Exercise brief:
Pictures aside, reproduce exactly and only the lines below, starting at the one containing "Item DescriptionCords of" and ending at the last line.

Given records:

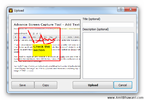 Next you can add lines, arrows, text, crop the selected area or perform similar tasks with the options available following which a small upload window would be shown to you.
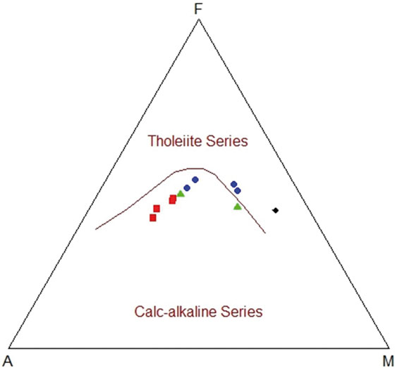 A partir de diagrama de evolución AFM de Irvine y Baragar (1971) (FIGURA 8) se observa que las rocas pertenecen a la serie calco alcalina en la mayoría de las muestras. Sin embargo, las dacitas, presentan una mayor tendencia calco alcalina, a diferencia de las rocas más básicas, que sugieren una tendencia toleítica en este diagrama o representan rocas precoces calco alcalinas de más bajo potasio. Esto puede deberse, a una evolución progresiva del magma. Estas son comparadas con los diagramas de Hastie et al. (2007) (FIGURA 9), en donde se observa, en general, esta misma tendencia.
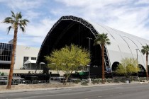 Steve Hill, president and CEO of the LVCVA, gave an update about NFL Draft construction at The Linq on Monday. The draft takes place April 28-30.
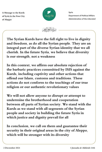 On December 1, HTS issued a statement telling the SDF that HTS’ fight was against the Syrian regime, not the SDF, promising to ensure the safety of Aleppo’s Kurds, and describing the Kurds as “an integral part of the diverse Syrian identity” who “have full rights to live in dignity and freedom,” calling on them to remain in Aleppo; notably also is HTS’s condemnation of “the barbaric practices committed by ISIS against the Kurds:”
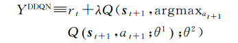 DDQN模型包含两个神经网络:估值神经网络DQN1和目标神经网络DQN2。估值神经网络DQN1用于选择下个时刻的最佳动作at+1=argmaxat+1Q(st+1, at+1θ1),使得st+1所对应的Q值最大,其参数θ1不断更新。目标神经网络DQN2用于评估所选取的下一时刻动作at+1的价值Q(st+1, at+1; θ2),得到时序差分目标Y=rt+λQ(st+1, at+1; θ2),其参数θ2在间隔时间τ后更新参数θ2=θ1,使得Y在时间τ内保持稳定。通过双深度Q网络,实现动作选择与动作价值评估的分离,保持一段时间内神经网络收敛目标Y的稳定,模型训练过程更加快速且易收敛。
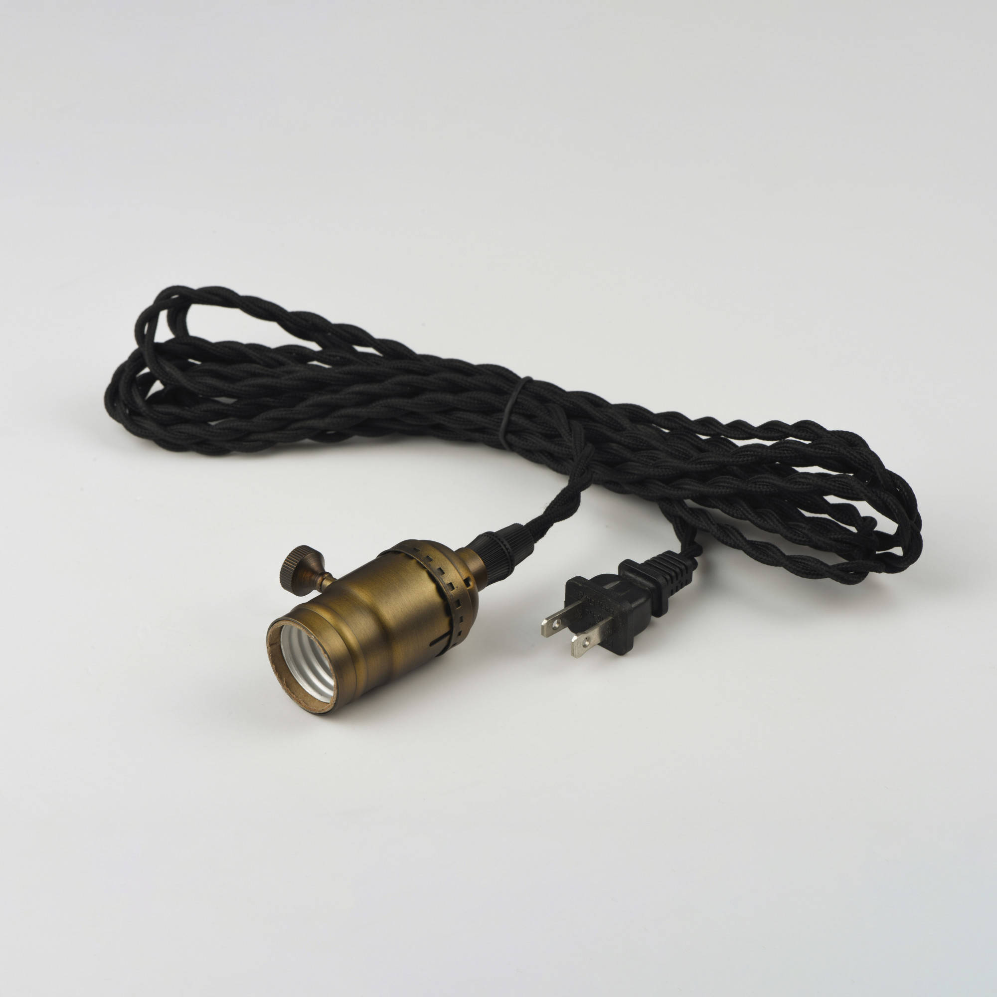 Item DescriptionCords of Black fabric support metal sockets finished in a natural Antique Brass allow you to create unique and fun lighting.
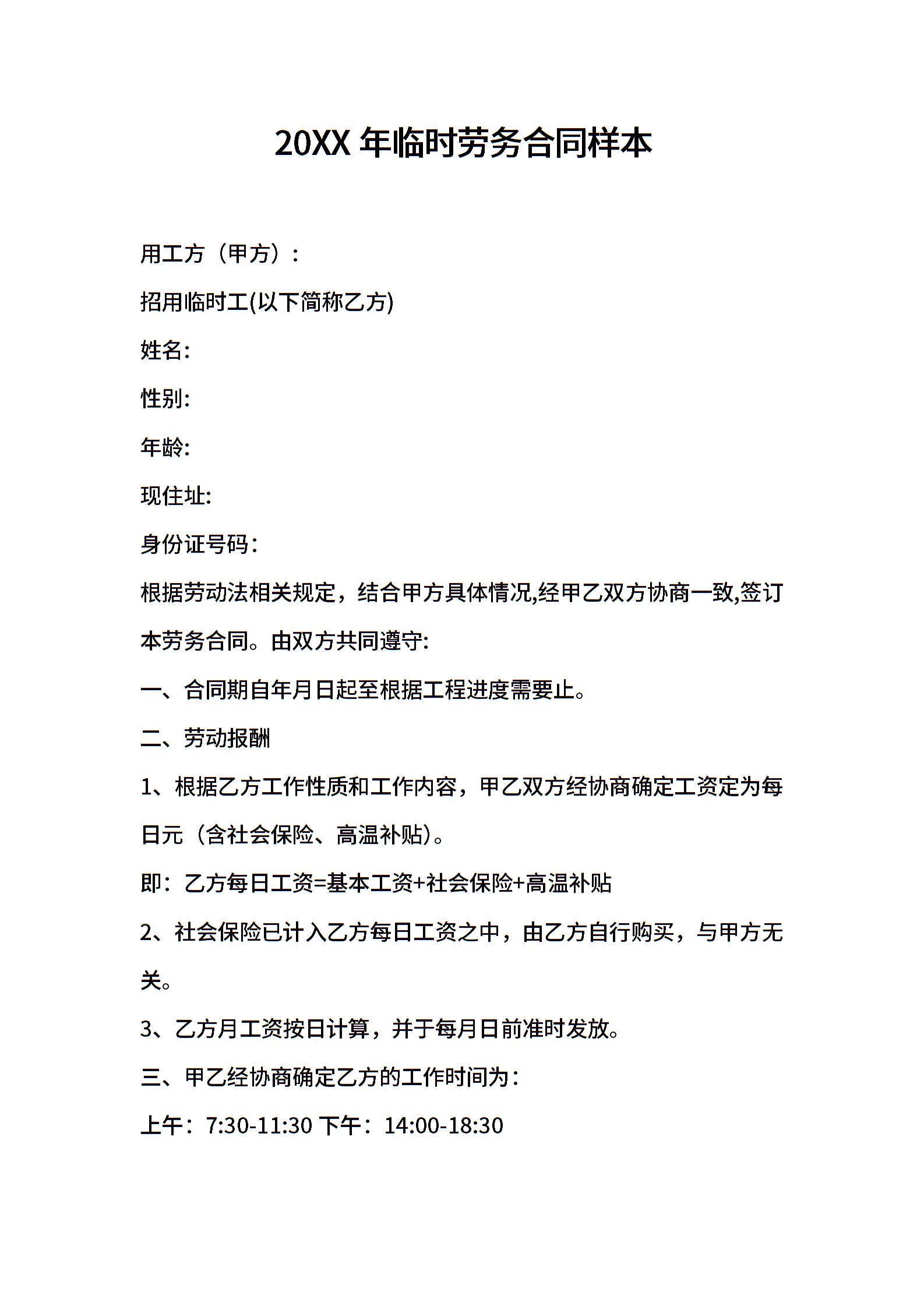 当前位置:量子办公 > 合同模板 > 劳务合同 >

Your response:
 Item DescriptionCords of Black fabric support metal sockets finished in a natural Antique Brass allow you to create unique and fun lighting.
 当前位置:量子办公 > 合同模板 > 劳务合同 >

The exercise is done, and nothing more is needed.